Should the defendant be convicted once again on retrial, the sentencing judge may not take into consideration the fact that the defendant chose to exercise his right to a jury trial.

Reversed and remanded for a new trial.

DANHOF and BORRADAILE, JJ., concurred in the result.

NOTES

[*] Probate judge, sitting on the Court of Appeals by assignment.

[1] MCLA 750.110; MSA 28.305.

[2] MCLA 750.360; MSA 28.592.

[3] The officer who broadcast the description said that he had not determined the fugitive's height. His partner did not recall whether the radio description had included height. The officer who arrested defendant said that the radio report described the fugitive as six feet tall.

[4] Cf. People v Stewart, 36 Mich App 93, 96 (1971); People v Johnson, 33 Mich App 160, 163 (1971); People v Richard L. Smith, 15 Mich App 505, 507 (1969).

[5] Cf. People v Zachery Davis, 41 Mich App 683 (1972).

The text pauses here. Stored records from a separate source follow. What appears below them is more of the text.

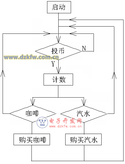 3. 售货机内的二种饮料有相对应价格,当投入的货币大于等于其售价时,对应的汽水指示灯C、咖啡指示灯D点亮,表示可以购买。
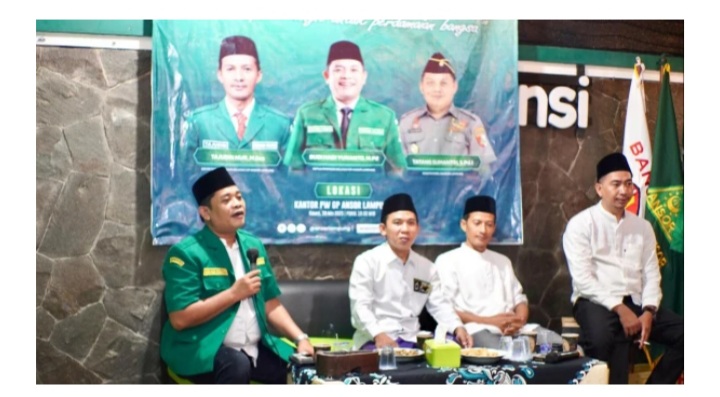 BANDAR LAMPUNG – Menjelang pelantikan Pimpinan Wilayah (PW) Gerakan Pemuda (GP) Ansor Lampung masa khidmah 2024–2029 yang dijadwalkan pada 8 Juni 2025 mendatang, Kamis (29/5/2025) malam, digelar acara tahlilan, doa bersama, dan istighotsah akbar di Kantor PW GP Ansor Lampung, di kawasan Rajabasa, Bandarlampung.
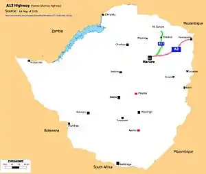 A13 Highway is a busy road in Zimbabwe running from Enterprise Road, Harare to Shamva, Madziwa Mine and through to Gora Turn-off on the A11 Highway towards Wimbo Shrine, Mt Darwin.[1]
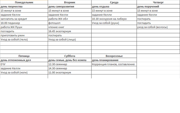 1. Недельный план. Как-то так получается, что начало недели у меня перегружено, а потом больше свободного времени.
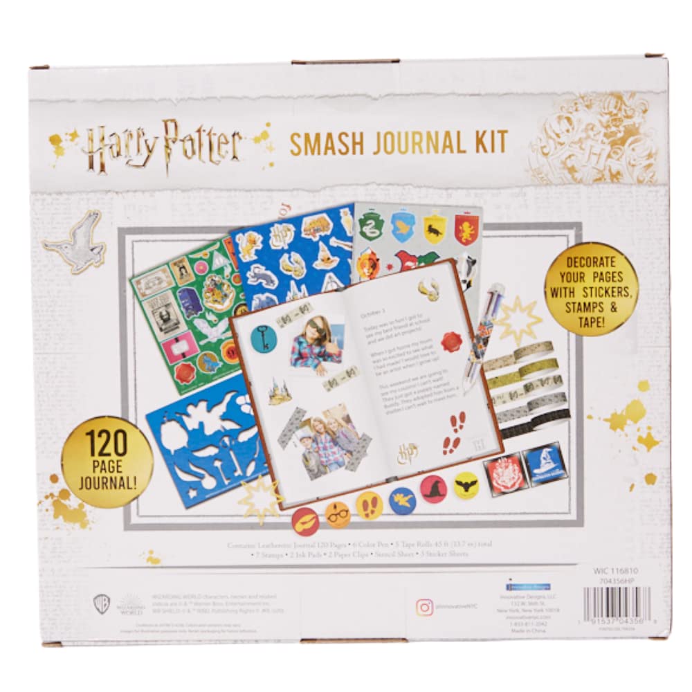 - KIDS SMASH JOURNAL – The soft leatherette journal has lined pages with a Hogwarts watermark in the corners. The vintage looking cover has an attached tie and a Hogwarts emblem. Decorate the pages with the included stickers, stencils, stamps, and tape!
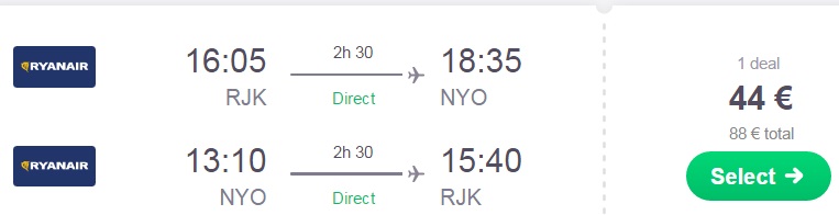 Rijeka – Stockholm, Ryanair, prtljaga ni vključena, 44 eur/osebo
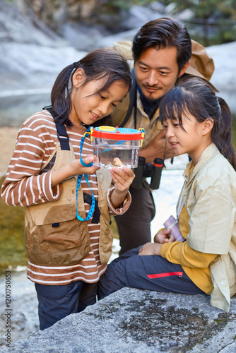 fish, stream, teacher, student, mountain, hiking, people, three people, man, male, adult, children, girl, plastic, fishbowl, holding, china, asia, beijing, east asia, photo, color image, half face, mountain chain, travel, exploration, nature, scenic, tour tourism, holiday maker, travel destination, vacation, adventure, backpacker, suburb, mountaineering, vale
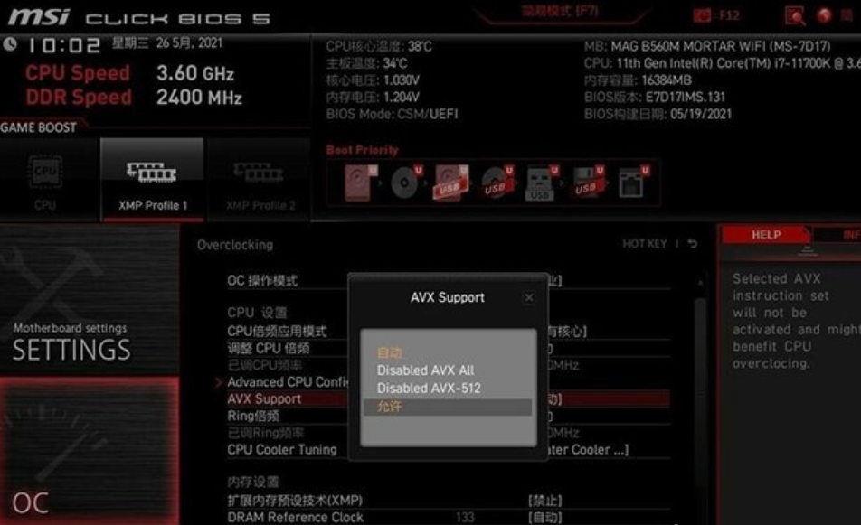 2.鼠标点击顶部的“Advanced(F7)”高级模式,或者直接按下F7键进入高级模式,鼠标点击“OC”选项,找到AVX Support,选择Disabled AVX-512,禁用掉;
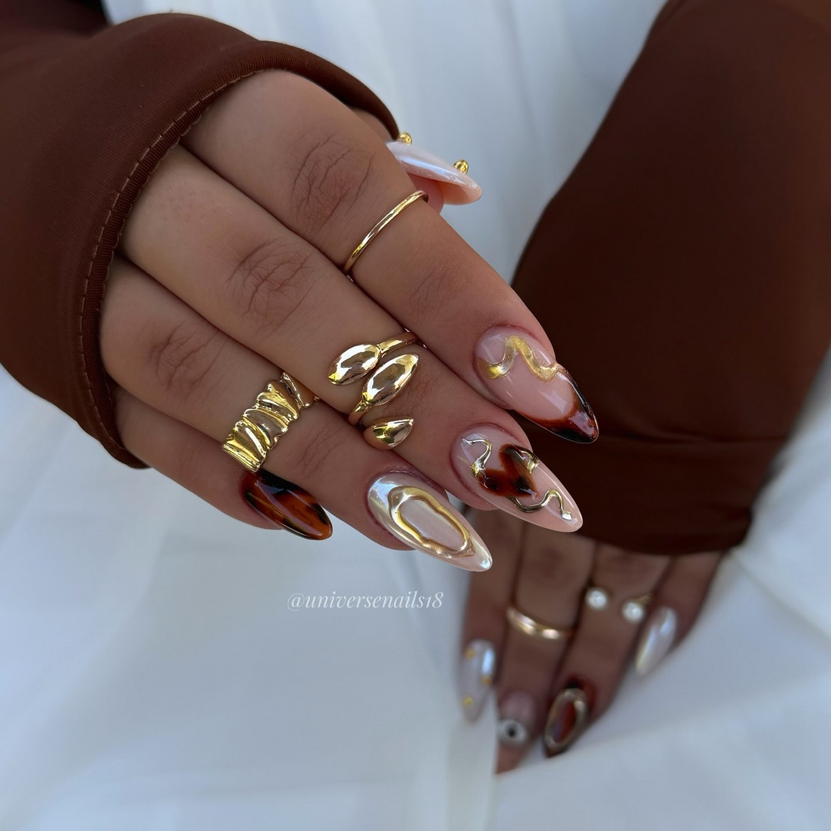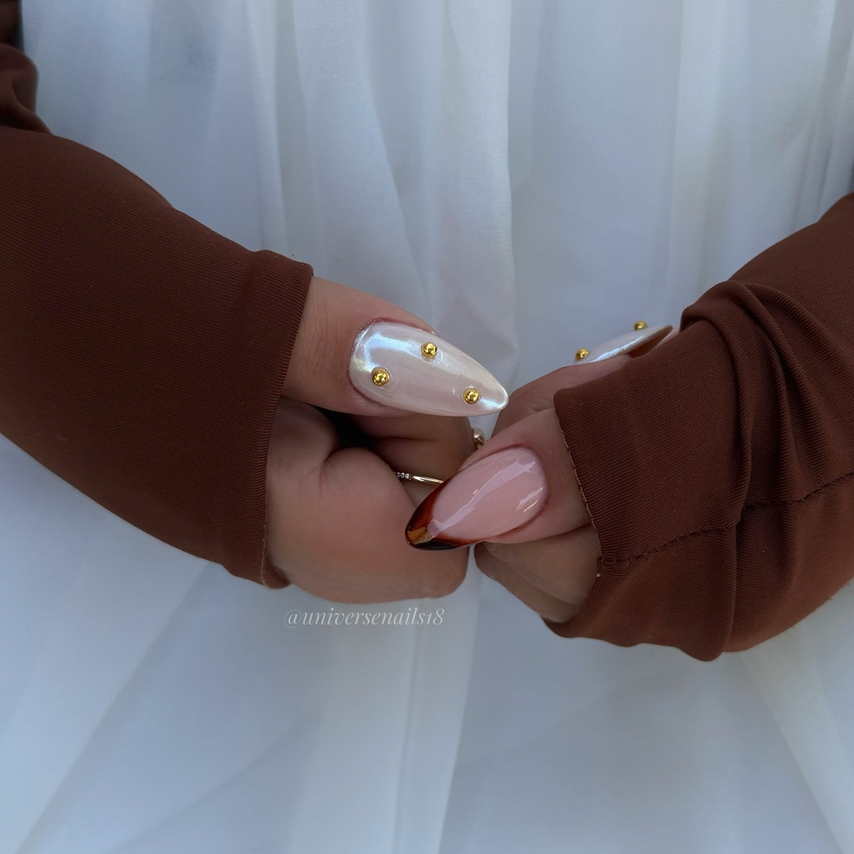 Асиметричний підхід, коли дизайн на лівій руці відрізняється від правої, але доповнює загальну концепцію, стає трендом сезону. Популярне поєднання протилежностей: матових і глянцевих текстур, темних і світлих відтінків, складного і простого декору. Такий манікюр дозволяє проявити креативність і створити дійсно індивідуальний образ, що відображає багатогранність особистості.

[6] The District of Columbia Circuit, in adopting the reasoning of the Fifth Circuit, said that Scott (p 268) "could reasonably have believed that he could show penitence — real or affected — only at the price of prejudicing his appeal, if not worse. Whether the trial judge intended or not `to bargain thus with the defendant' we conclude that `the court was without right * * * to put a price on an appeal.'"

Similarly, see O'Hara v People, 41 Mich 623, 624 (1879), where the Michigan Supreme Court said:

"When a convicted person is brought up for sentence he has rights still, and it is specially incumbent on the judge to take care that they are fully observed and protected. No sort of pressure can be permitted to bring the party to forego any right or advantage however slight. The law will not suffer the least weight to be put in the scale against him, and any attempt cannot fail to be reprobated. Standing at the bar to receive judgment the law surrounds him with its protecting principles and intends that his sentence shall be the reflection of its justice and as far as possible free from all taint of human fraility."

The Scott Court also rejected the argument that the judge could impose additional punishment because the defendant had committed perjury, saying that if the government wished to prosecute Scott for the independent substantive offense of perjury it could do so and that in such a proceeding he would be entitled to all the protections of a criminal trial. Similarly, see People v White, 130 Ill App 2d 775; 267 NE2d 129 (1971), where the sentencing judge stated that the matter was "more aggravated by the circumstances of perjury and so forth". In remanding for resentencing the Illinois appellate court declared that a sentencing judge may not take into consideration his belief that the defendant perjured himself when he testified at his trial because the defendant is entitled to a trial for perjury before he can properly be punished for committing that offense.